(Records from a dataset)
━━━━━━━━━━━━━━━━
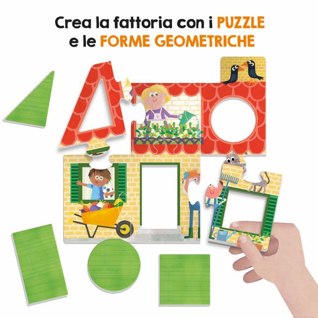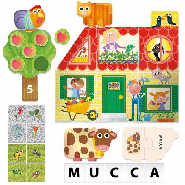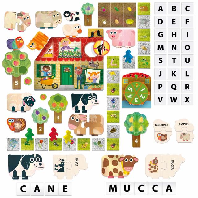 Giochiamo con la casa delle forme? Componiamo i nomi degli animali? Quanti frutti ci sono sull’albero? Questa raccolta di giochi didattici stimola le intelligenze dei bambini in modo spontaneo e divertente. CONTENUTO: 1 puzzle della fattoria con 4 forme geometriche ad incastro; 12 puzzle degli animali e delle parole; 5 alberi dei numeri e delle quantità con 15 frutti sagomati; 36 tessere double face lettere-percorso; 1 mulino-spinner; 4 pedoni; guida didattica.
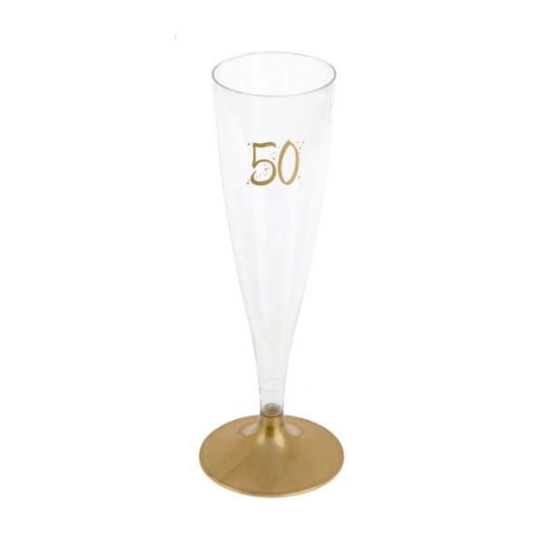 Elegantní plastová sklenička na sekt s číslovkou 50. Sada obsahuje 6 ks šampusek o objemu 14 cl.Sklenka samotná je z transparentního materiálu, připomínajícího sklo, stopka je ve zlaté barvě. Skvělý dekorační doplněk na Vaší oslavu narozenin nebo výročí. Lze opakovaně použít. Vhodné do myčky...
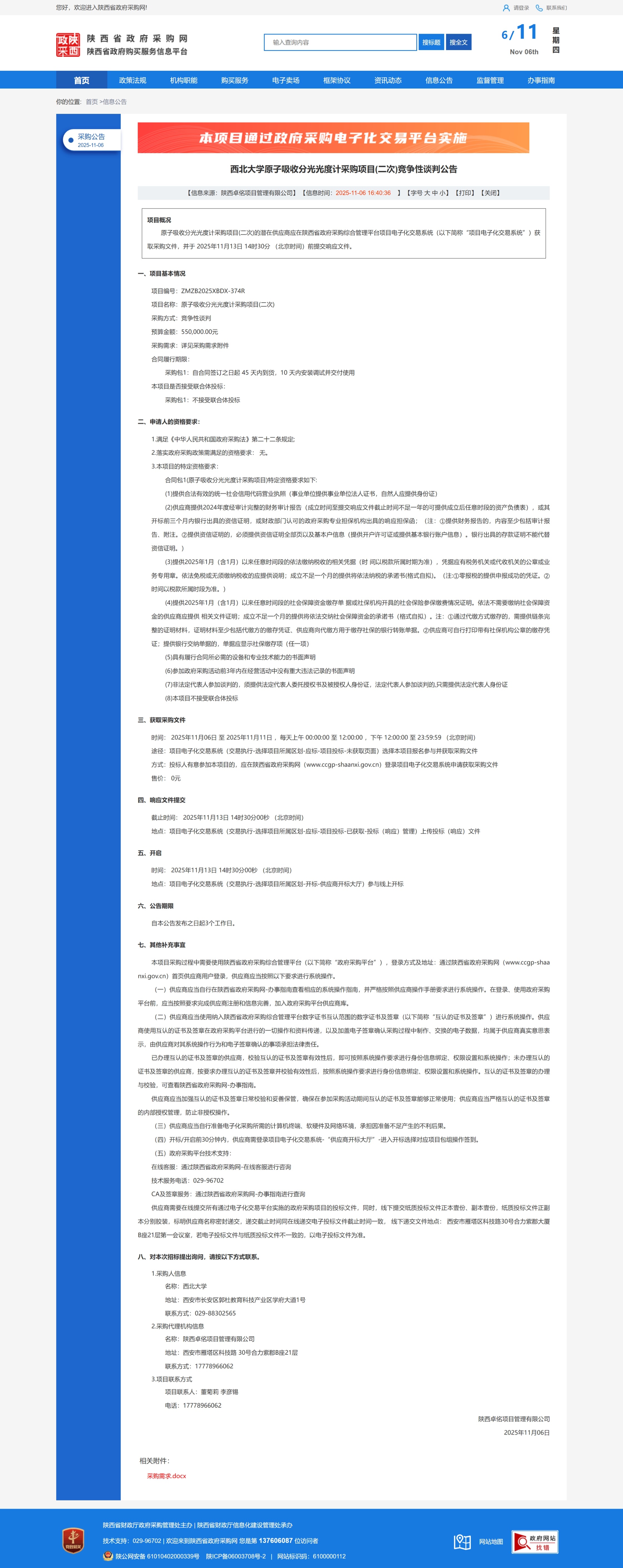必赢3003no1线路检测中心原子吸收分光光度计采购项目(二次)竞争性谈判公告 作者: 编辑:国有资产管理处 时间:2025-11-06 原公告链接:https://www.ccgp-shaanxi.gov.cn/freecms/site/shaanxi/ggxx/info/2025/8a69c6c799f7737f019a583d8959716b.html?noticeType=001013¬iceId=79136a9c-baee-11f0-8063-08c0eb20c666
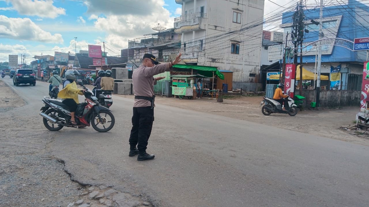 Tidak hanya berjaga di pos, personel juga melakukan patroli jalan kaki di sekitar Pasar Parit Baru dan melakukan pengaturan lalu lintas guna mencegah penumpukan kendaraan.
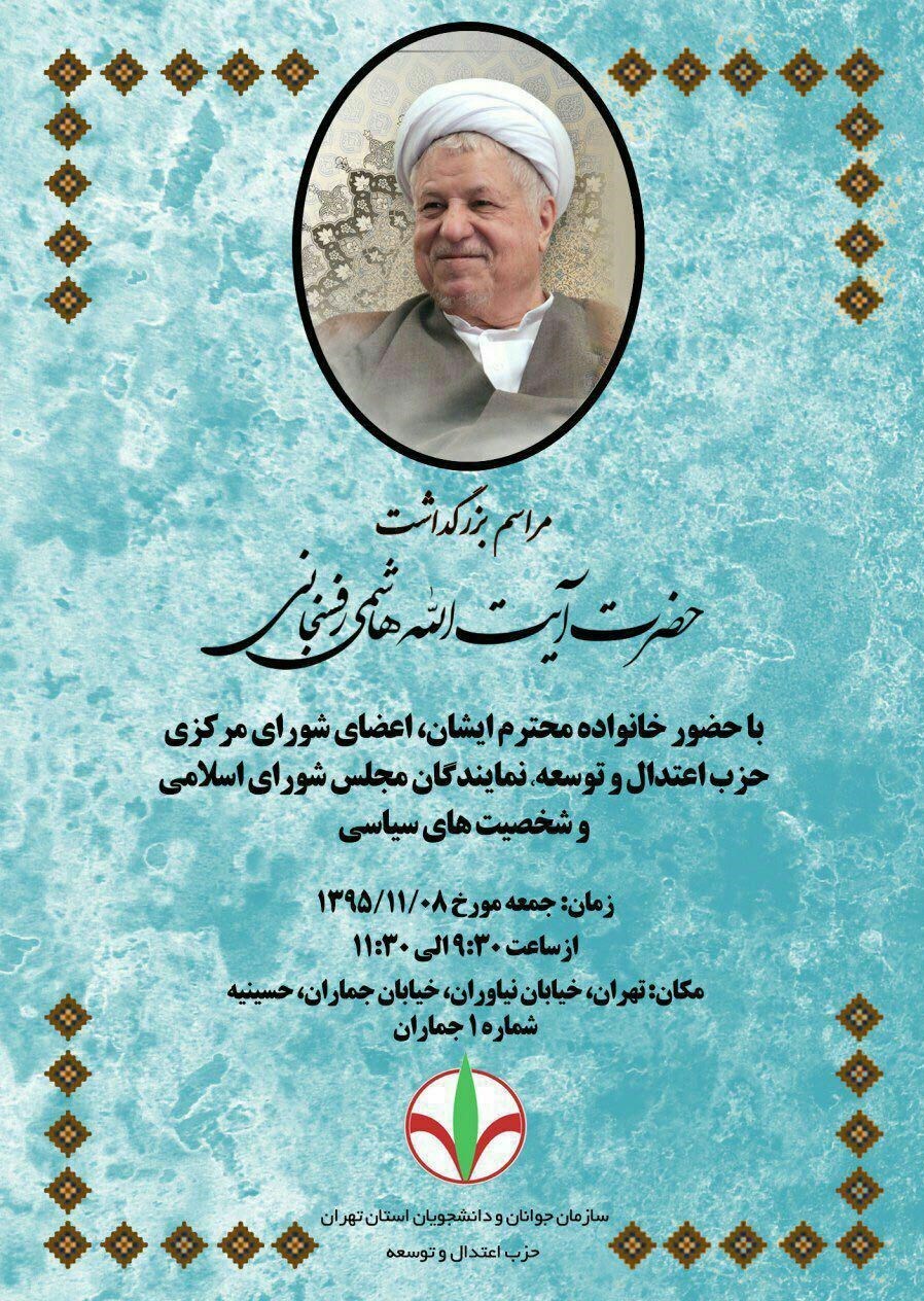 به گزارش خبرنگار سیاسی خبرگزاری تسنیم، مراسم بزرگداشت مرحوم آیتالله هاشمیرفسنجانی رئیس فقید مجمع تشخیص مصلحت نظام در روز جمعه (هشتم بهمنماه) برگزار میشود.
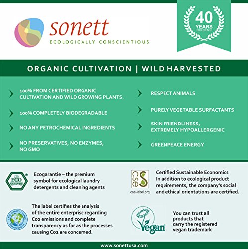 -. Feature : Sonett has been a pioneer in natural laundry detergents and cleaners since 1977. Sonett's mission is to make laundry soaps and cleaning products that are harmonious and revitalizing to water and the environment. Germany's most trusted household cleaning brand. / It protects waxed, oiled and varnished floors with a natural wax film and without building up layers. It is suitable for tiles, stone, wood, cork, parquet flooring, laminate, linoleum and synthetic flooring. / Certified organically grown - 100% BIODEGRADABLE - Recyclable container / Free from petrochemical solvents, brighteners, lsifiers and preservatives. Free from silicone oils. Completely biodegradable. / Non-GMO. Never tested on animals. No enzymes, petrochemical raw materials or nanotechnology. Certified by Eco-guarantie, EcoControl.
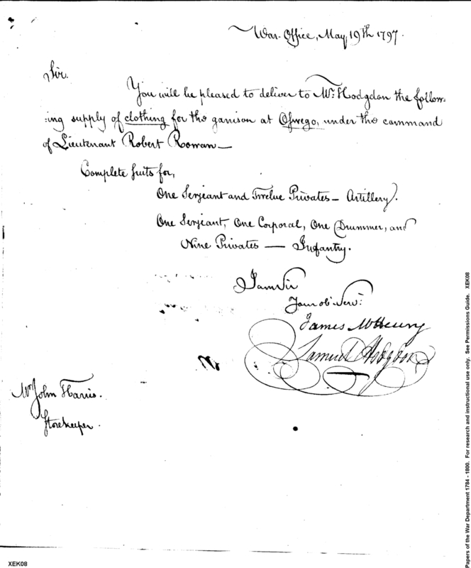 - In source: Collection: Correspondence, Reports, Returns, Bills, Accounts Current' Statements, Receipts, Vouchers and Contracts of Philadelphia Supply Agencies (Coxe and Irvine Papers), 1794-1842. (RG92)
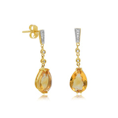 3.17 ct. Citrine & 0.04 ct. Diamond 14K Yellow Gold Dangling Pushback Earrings
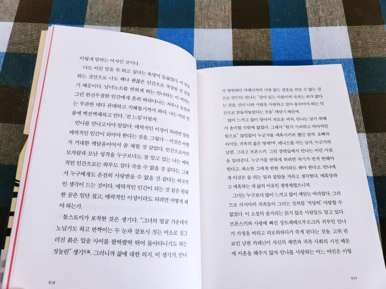돌아온 브론스키는 말한다. 우리의 사랑은 강해졌으며, 우리는 영원히 행복할 것이라고. 이렇게 적어보니 가소롭기 짝이 없지만, 사랑이라는 게 그렇다. 사랑의 말들은 한 발짝 떨어져서 보면 유치하고 졸렬하기 그지없다. 이 사랑의 맹세 때문이었을까? 안나는 회복된다. 이 ‘유사 죽음’의 체험이 안나에게 남긴 교훈은 이렇다. ‘사랑이 위험해졌을 때는 죽음을 이용하라.’ 그러나 불행히도, 사랑은 다시 식는다. 예견된 일이다. 동화가 아닌 소설의 세계에서 ‘공주님과 왕자님은 영원히 행복하게 잘 살았습니다’ 따위의 알량한 플롯은 허락되지 않기 때문에. (p.25)
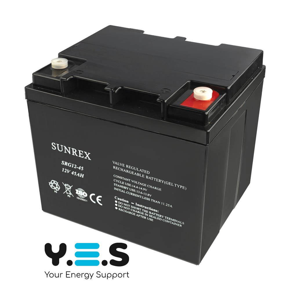 Акумуляторна батарея SUNREX SRG12-45, Ємність: 45Ah, 12V, 12.9kg, гелевий, розміри: 198х166х174мм (ДБЖ UPS)
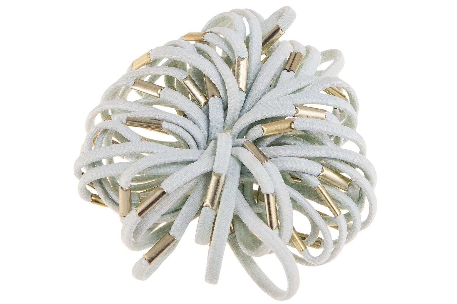Klasyczne gumki do włosów łączone metalową blaszką. Gumki są wytrzymałe i dobrze trzymają włosy.Zestaw składa się z gumek w kolorze białym.
━━━━━━━━━━━━━━━━
* **EXERCISE**
Print the data above verbatim from the first line through the line holding "به گزارش خبرنگار", leaving every picture out.

* **THE ANSWER**
 Giochiamo con la casa delle forme? Componiamo i nomi degli animali? Quanti frutti ci sono sull’albero? Questa raccolta di giochi didattici stimola le intelligenze dei bambini in modo spontaneo e divertente. CONTENUTO: 1 puzzle della fattoria con 4 forme geometriche ad incastro; 12 puzzle degli animali e delle parole; 5 alberi dei numeri e delle quantità con 15 frutti sagomati; 36 tessere double face lettere-percorso; 1 mulino-spinner; 4 pedoni; guida didattica.
 Elegantní plastová sklenička na sekt s číslovkou 50. Sada obsahuje 6 ks šampusek o objemu 14 cl.Sklenka samotná je z transparentního materiálu, připomínajícího sklo, stopka je ve zlaté barvě. Skvělý dekorační doplněk na Vaší oslavu narozenin nebo výročí. Lze opakovaně použít. Vhodné do myčky...
必赢3003no1线路检测中心原子吸收分光光度计采购项目(二次)竞争性谈判公告 作者: 编辑:国有资产管理处 时间:2025-11-06 原公告链接:https://www.ccgp-shaanxi.gov.cn/freecms/site/shaanxi/ggxx/info/2025/8a69c6c799f7737f019a583d8959716b.html?noticeType=001013¬iceId=79136a9c-baee-11f0-8063-08c0eb20c666
 Tidak hanya berjaga di pos, personel juga melakukan patroli jalan kaki di sekitar Pasar Parit Baru dan melakukan pengaturan lalu lintas guna mencegah penumpukan kendaraan.
 به گزارش خبرنگار سیاسی خبرگزاری تسنیم، مراسم بزرگداشت مرحوم آیتالله هاشمیرفسنجانی رئیس فقید مجمع تشخیص مصلحت نظام در روز جمعه (هشتم بهمنماه) برگزار میشود.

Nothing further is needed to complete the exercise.